Another limitation in the evidence base on occupational activities relates to birth anthropometrics. Small head circumference at birth can be related to higher blood pressure in childhood7 and adulthood8, impaired glucose tolerance9, and a higher prevalence and mortality from cardiovascular disease10,11, while lower abdominal circumference at birth predicts raised serum concentrations of blood lipids in later life12. However, occupational studies have almost never considered head or abdominal circumference as clinical outcomes in their own right.

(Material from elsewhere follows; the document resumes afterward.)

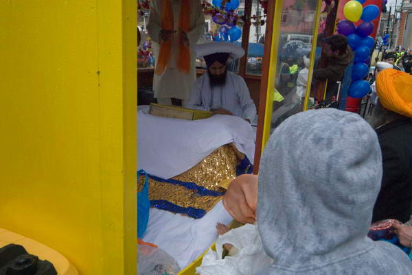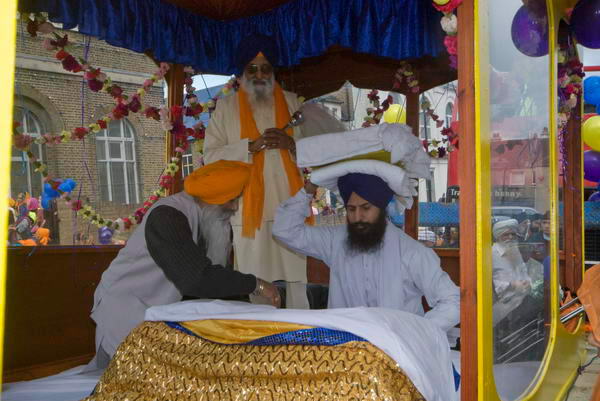 ![]() The Sikh Holy book, the Guru Granth Sahib, is carried out to the Palki lorry |

To address these various gaps in the evidence base we conducted a cohort study with exposures defined for different trimesters of pregnancy and outcomes encompassing birth anthropometrics as well as SGA and pre-term delivery.

MATERIALS AND METHODS

Our study used data from the Southampton Women’s Survey (SWS), a longitudinal study that aimed to recruit all women aged 20-34 years, who were resident in the city of Southampton, England during 1998-200213. At entry to the SWS, each of the 12,583 participants was interviewed and examined by a research nurse, and those who subsequently became pregnant were followed up with further interviews at 11 and 34 weeks gestation. Details of the birth were than abstracted from obstetric records, and anthropometric measurements were made on the new-born babies.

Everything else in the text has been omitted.